→ **Problem requirements**: Retype the material that follows exactly, limited to the lines from the one with "2 Drawers Of" through the one with "Подсвечник металл на", and keep out all pictures.

→ **Working data**:
====

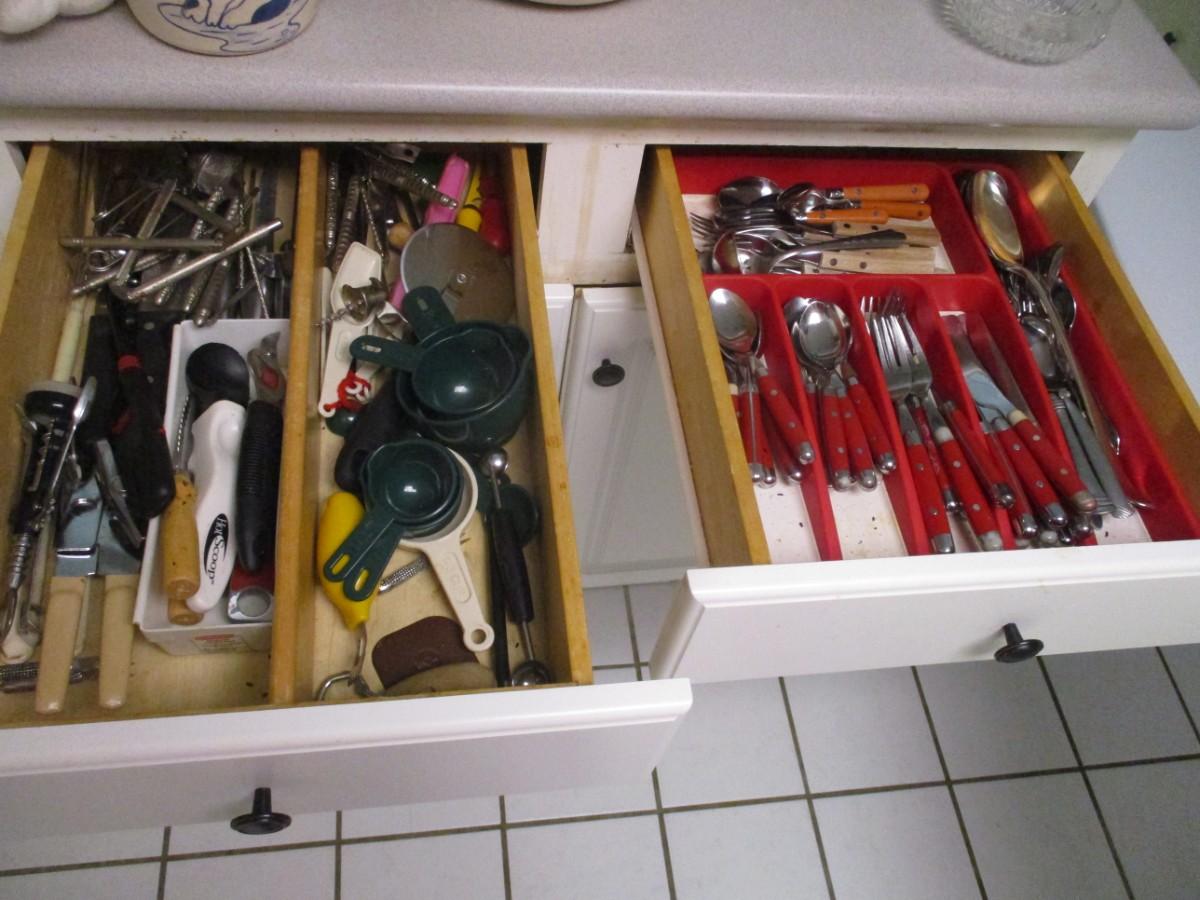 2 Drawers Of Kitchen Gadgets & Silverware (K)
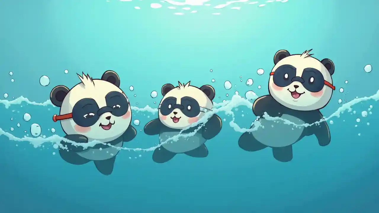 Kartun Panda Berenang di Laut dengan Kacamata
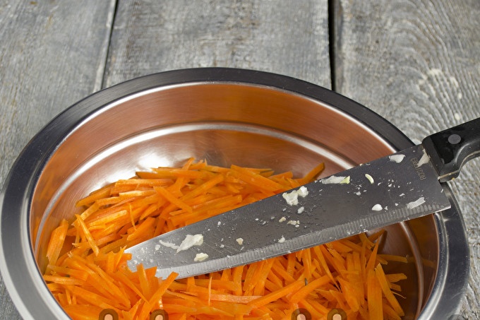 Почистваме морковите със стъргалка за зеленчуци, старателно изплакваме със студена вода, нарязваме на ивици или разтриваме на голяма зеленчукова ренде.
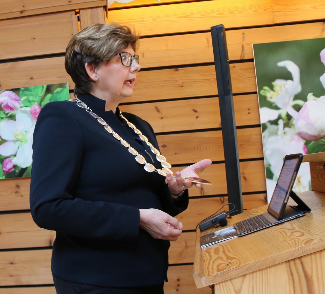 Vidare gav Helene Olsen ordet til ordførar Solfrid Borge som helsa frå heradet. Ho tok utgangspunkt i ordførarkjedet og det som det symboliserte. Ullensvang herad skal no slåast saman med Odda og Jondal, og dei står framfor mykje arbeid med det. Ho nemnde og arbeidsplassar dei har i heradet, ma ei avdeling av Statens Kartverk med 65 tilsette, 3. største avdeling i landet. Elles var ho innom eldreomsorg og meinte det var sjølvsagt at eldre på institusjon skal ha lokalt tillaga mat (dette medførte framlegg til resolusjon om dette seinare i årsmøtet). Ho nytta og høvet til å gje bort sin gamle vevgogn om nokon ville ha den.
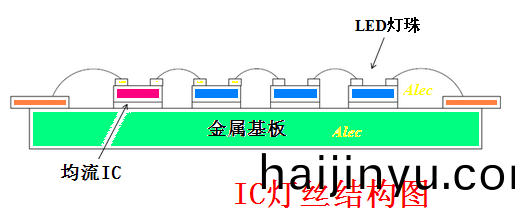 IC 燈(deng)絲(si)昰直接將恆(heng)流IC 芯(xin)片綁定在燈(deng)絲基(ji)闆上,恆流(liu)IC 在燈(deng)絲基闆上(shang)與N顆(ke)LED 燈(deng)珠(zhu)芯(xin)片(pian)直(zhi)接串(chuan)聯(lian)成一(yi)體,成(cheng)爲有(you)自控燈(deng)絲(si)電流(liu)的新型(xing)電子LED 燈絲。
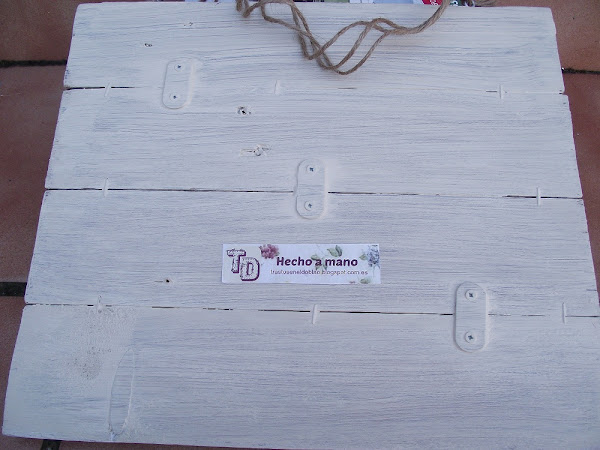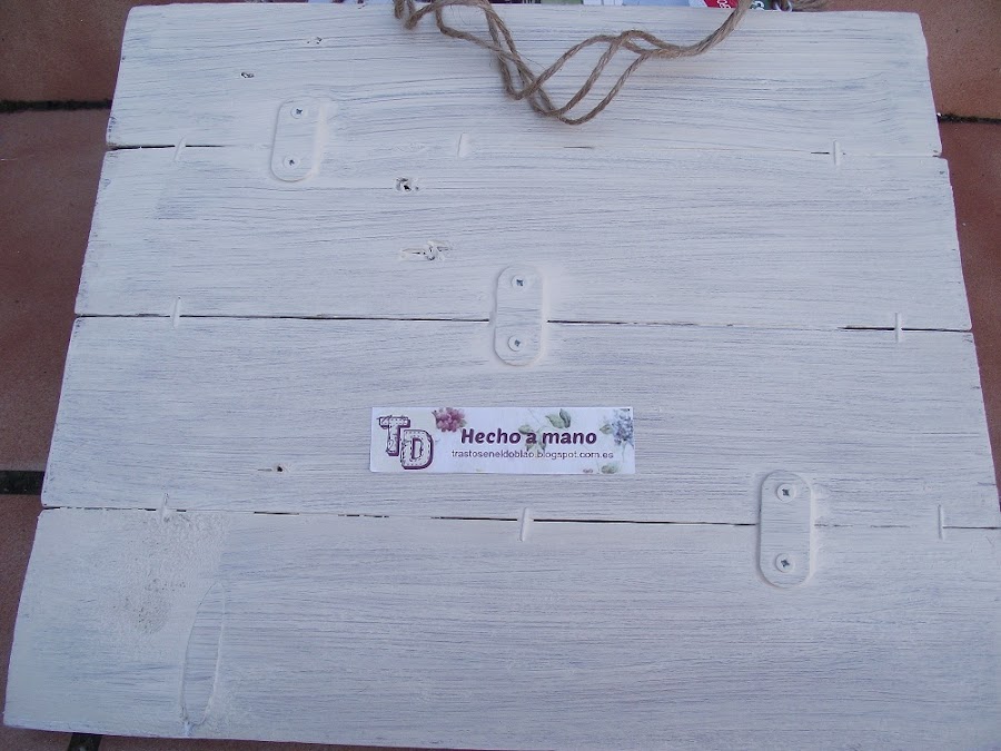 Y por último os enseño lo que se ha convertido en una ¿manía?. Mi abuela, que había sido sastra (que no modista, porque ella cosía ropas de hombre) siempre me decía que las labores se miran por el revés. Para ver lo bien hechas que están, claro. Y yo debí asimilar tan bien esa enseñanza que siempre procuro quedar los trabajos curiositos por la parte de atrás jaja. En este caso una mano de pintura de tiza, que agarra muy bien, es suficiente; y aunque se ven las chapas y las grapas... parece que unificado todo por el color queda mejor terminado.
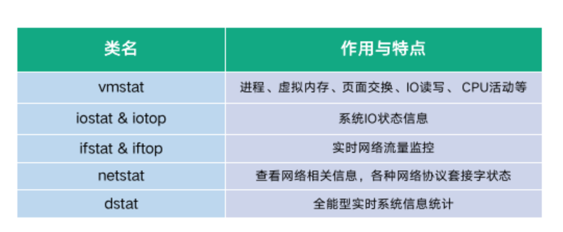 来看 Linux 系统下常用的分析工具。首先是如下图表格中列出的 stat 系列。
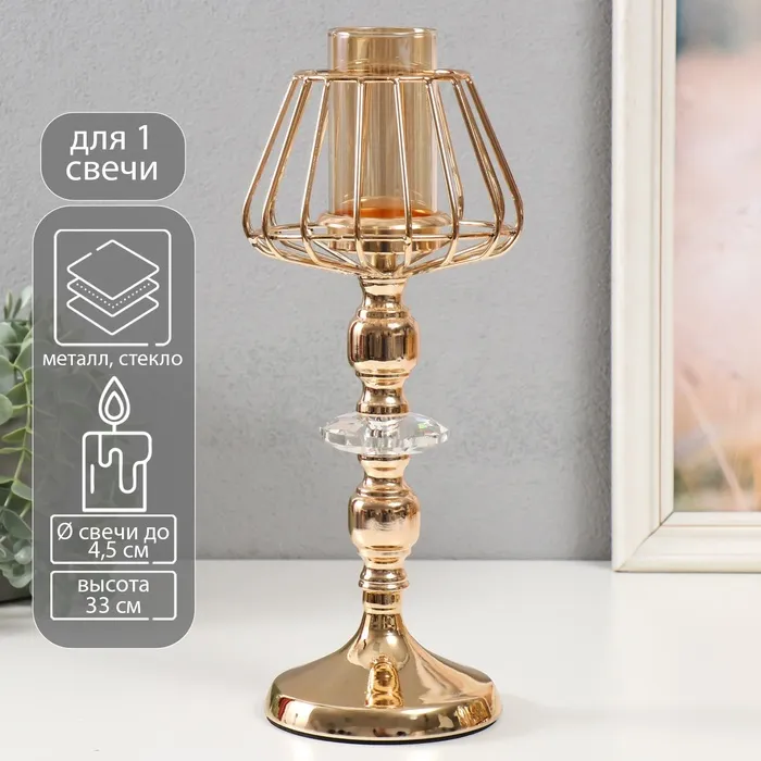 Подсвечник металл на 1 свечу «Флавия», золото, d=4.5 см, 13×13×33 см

====

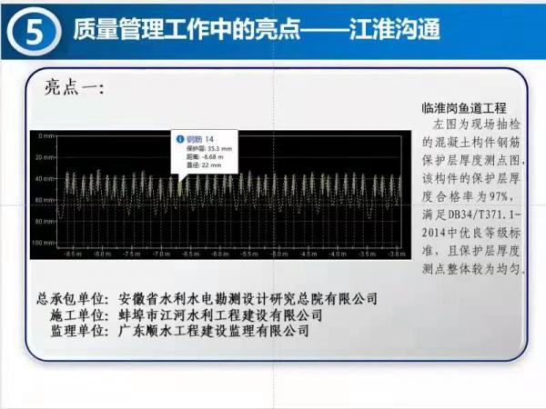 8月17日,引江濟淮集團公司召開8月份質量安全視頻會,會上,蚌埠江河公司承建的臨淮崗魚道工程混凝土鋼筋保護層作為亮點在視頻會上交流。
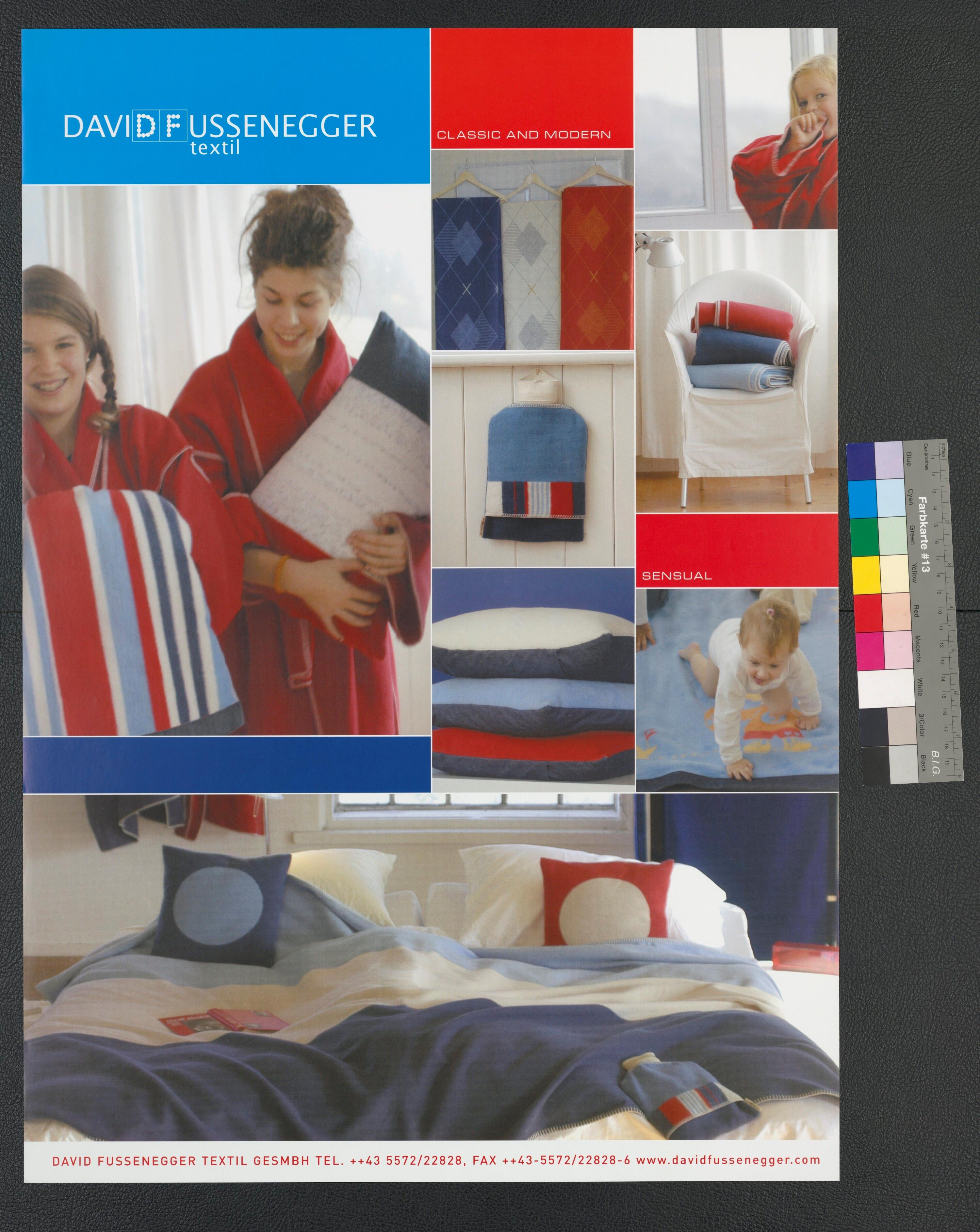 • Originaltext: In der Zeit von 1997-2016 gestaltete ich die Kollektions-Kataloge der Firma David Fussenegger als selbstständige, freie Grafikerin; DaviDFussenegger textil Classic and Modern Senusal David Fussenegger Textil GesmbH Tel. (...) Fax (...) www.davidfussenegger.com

====

→ **Exercise output**:
 2 Drawers Of Kitchen Gadgets & Silverware (K)
 Kartun Panda Berenang di Laut dengan Kacamata
 Почистваме морковите със стъргалка за зеленчуци, старателно изплакваме със студена вода, нарязваме на ивици или разтриваме на голяма зеленчукова ренде.
 Vidare gav Helene Olsen ordet til ordførar Solfrid Borge som helsa frå heradet. Ho tok utgangspunkt i ordførarkjedet og det som det symboliserte. Ullensvang herad skal no slåast saman med Odda og Jondal, og dei står framfor mykje arbeid med det. Ho nemnde og arbeidsplassar dei har i heradet, ma ei avdeling av Statens Kartverk med 65 tilsette, 3. største avdeling i landet. Elles var ho innom eldreomsorg og meinte det var sjølvsagt at eldre på institusjon skal ha lokalt tillaga mat (dette medførte framlegg til resolusjon om dette seinare i årsmøtet). Ho nytta og høvet til å gje bort sin gamle vevgogn om nokon ville ha den.
 IC 燈(deng)絲(si)昰直接將恆(heng)流IC 芯(xin)片綁定在燈(deng)絲基(ji)闆上,恆流(liu)IC 在燈(deng)絲基闆上(shang)與N顆(ke)LED 燈(deng)珠(zhu)芯(xin)片(pian)直(zhi)接串(chuan)聯(lian)成一(yi)體,成(cheng)爲有(you)自控燈(deng)絲(si)電流(liu)的新型(xing)電子LED 燈絲。
 Y por último os enseño lo que se ha convertido en una ¿manía?. Mi abuela, que había sido sastra (que no modista, porque ella cosía ropas de hombre) siempre me decía que las labores se miran por el revés. Para ver lo bien hechas que están, claro. Y yo debí asimilar tan bien esa enseñanza que siempre procuro quedar los trabajos curiositos por la parte de atrás jaja. En este caso una mano de pintura de tiza, que agarra muy bien, es suficiente; y aunque se ven las chapas y las grapas... parece que unificado todo por el color queda mejor terminado.
 来看 Linux 系统下常用的分析工具。首先是如下图表格中列出的 stat 系列。
 Подсвечник металл на 1 свечу «Флавия», золото, d=4.5 см, 13×13×33 см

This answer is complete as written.